Once a natural gas well is drilled and completed successfully, it is ready to produce fluids. In principle, natural gas production methodology is a function of the production stage in the life of the particular reservoir, as well as gas reservoir type. Gaseous hydrocarbons can be produced from two main conventional sources:
- Gas can be found in association with oil. Almost all oil reservoirs can produce some natural gas, which is brought to the surface with oil and then separated at appropriate surface facilities.
- Gas can be produced from reservoirs that primarily contain gas. Such reservoirs tend to be considerably deeper and hotter than oil reservoirs.

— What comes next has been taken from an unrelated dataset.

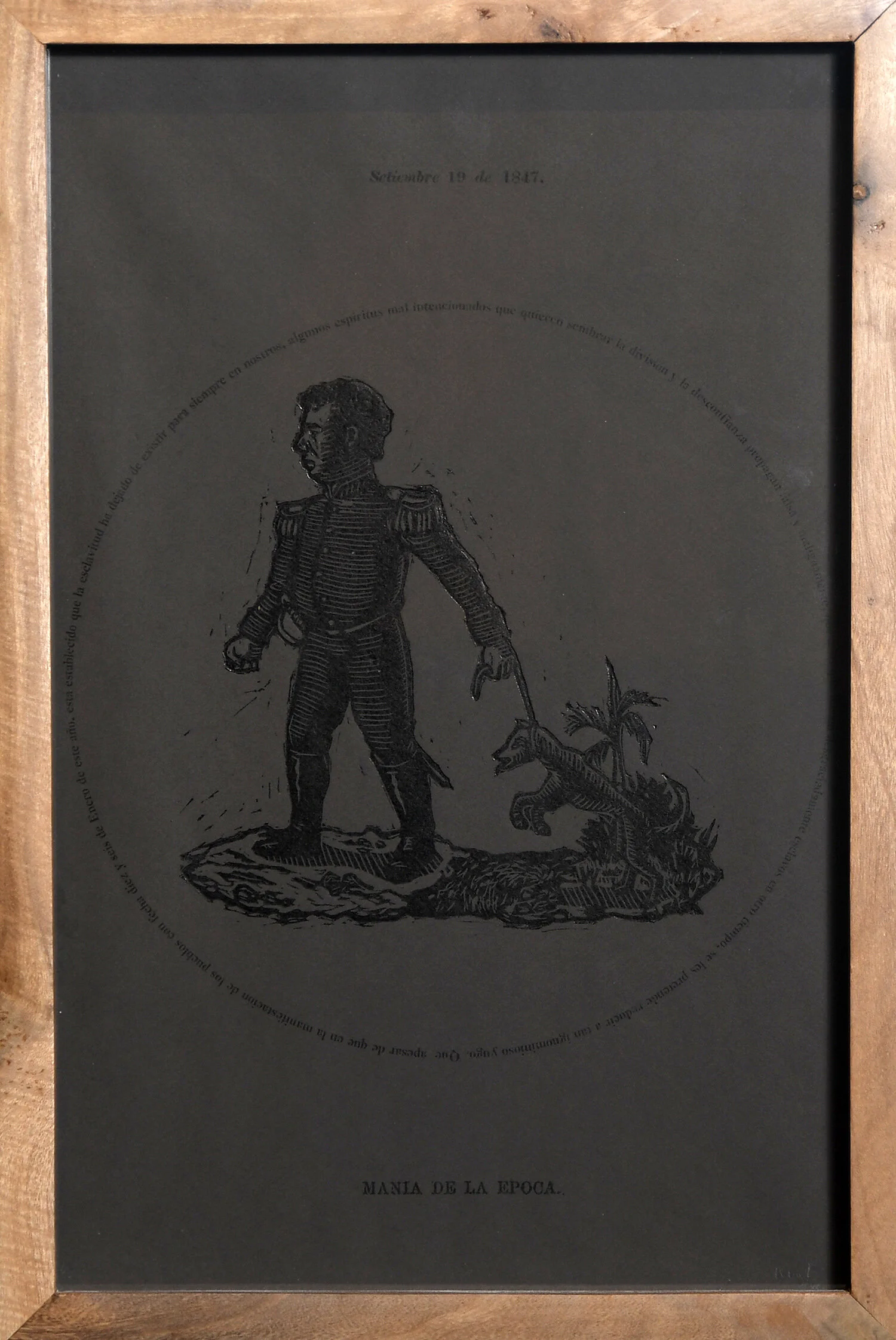 La obra tiene una lectura no necesariamente lineal donde Morbán contextualizar la época, ilustrar los pocos hechos de los que hay documentación e interpretar lo que sucedió posteriormente mediante poesía visual. El enmarcado también tiene un sentido. Dos grabados, el retrato de Santiago Basora y su carta de ascenso a coronel, tienen marcos de caoba, la madera nacional. Los grabados que recrean documentos de circulación habitual de aquel entonces, tales como periódicos, manifiestos y decretos públicos, son de roble criollo. Y las imágenes donde me di más libertad poética son de otra madera local, la acacia.

Natural gas can also be produced from unconventional sources, such as coalbed methane (CBM), tight gas and shale gas.
Short-distance pipelines connect wells to central processing facilities. Raw natural gas processing plants produce pipeline-quality natural gas for distribution to residential, commercial and industrial such as electricity sectors as fuel intake. They also segregate a number of natural gas components and sell them separately as a petrochemical, refinery and oil sands feed-stocks.
The processing raw natural gas into pipeline-quality natural gas can be quite complex and usually involves several processes. The type and extent of processing depend on the composition of the raw natural gas and the specifications of consumers. Typically, any natural gas processing facility is equipped with purification, separation and liquefaction units.
Purification
Purification is the removal of impurities (valuable or not), such as water, carbon dioxide, hydrogen sulfide, helium, nitrogen, mercury and solids (such as sand, clay, wax and asphaltenes). Impurities can hinder the transportation, storage and use of gas as an industrial or residential fuel. For example, carbon dioxide and hydrogen sulfide, known as acid gases, are highly corrosive compounds that must be removed before further processing to prevent corrosion. Hydrogen sulfide is also poisonous and must be removed for safety reasons. Natural-gas market specifications dictate the quantities of each of these compounds permitted (whether by law, regulation or corporate policy) in the processed product.

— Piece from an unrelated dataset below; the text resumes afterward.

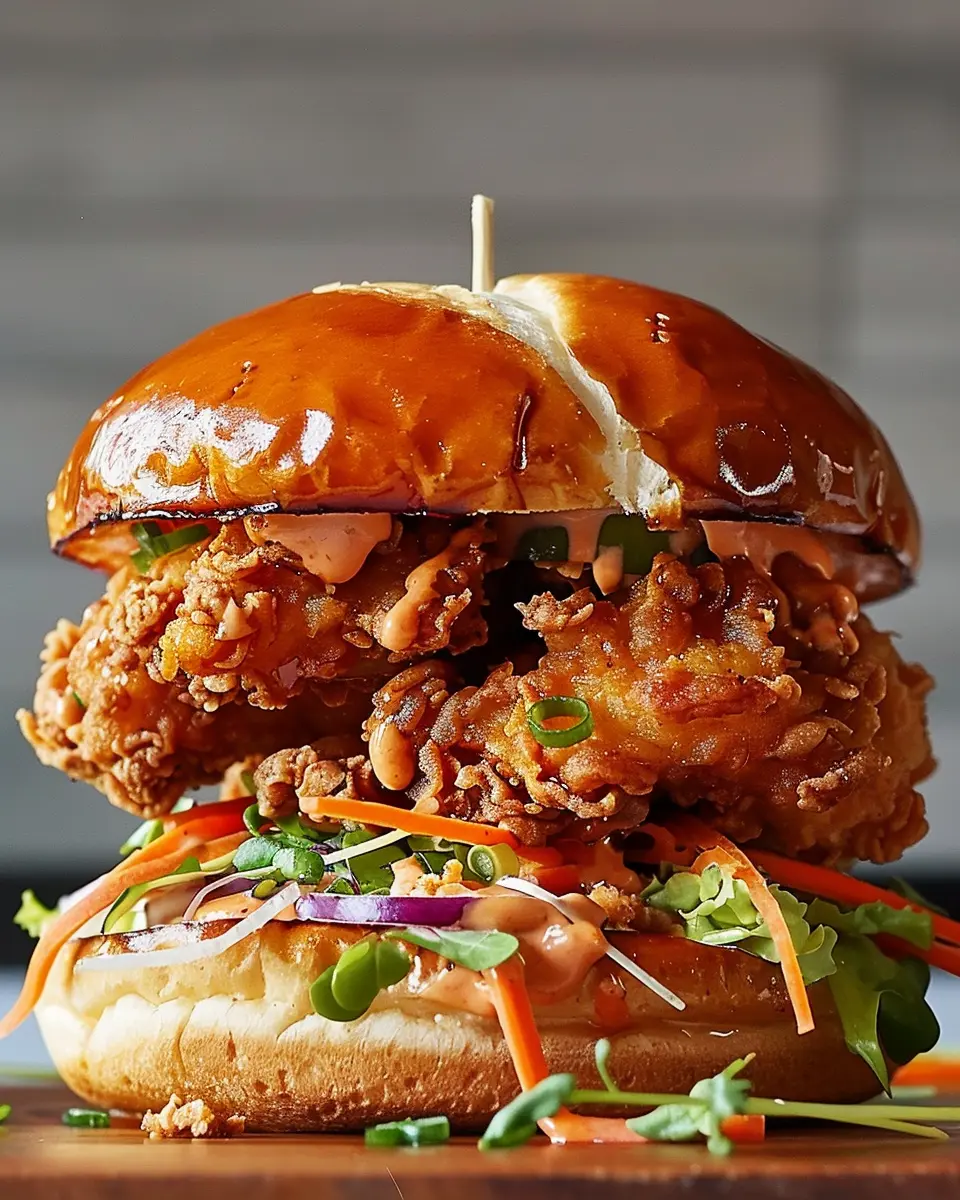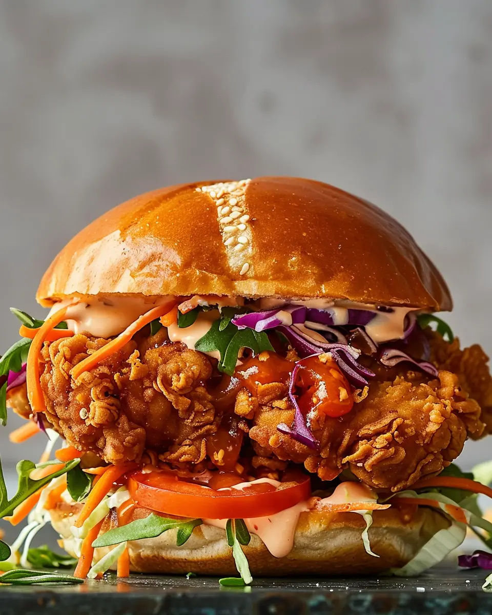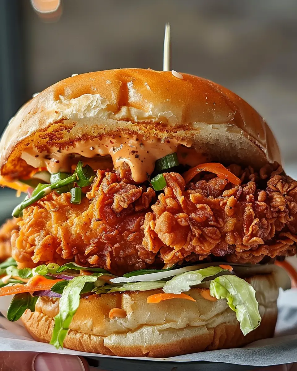 - Layering: Start with a toasted brioche bun, add your crispy chicken, and finish with vibrant toppings like pickled vegetables and fresh herbs.

Water removal (dehydration) is an essential function of any natural gas processing facility, not only to prevent corrosion, but also to prevent the formation of hydrates (ice-like compounds of hydrocarbons and water) in natural gas systems. Hydrates can block and damage processing units as well as pipelines.
Separation and Liquefaction
The main purpose of separation and liquefaction is to increase the energy density of the gas for storage or transportation. The amount of liquefied petroleum gas (LPG) and natural gas liquid (NGL) extracted from the natural gas stream before transportation depends on pipeline specifications. Condensates (heavier hydrocarbons), LPG and NGL can be recovered as liquids in the processing units and sold separately.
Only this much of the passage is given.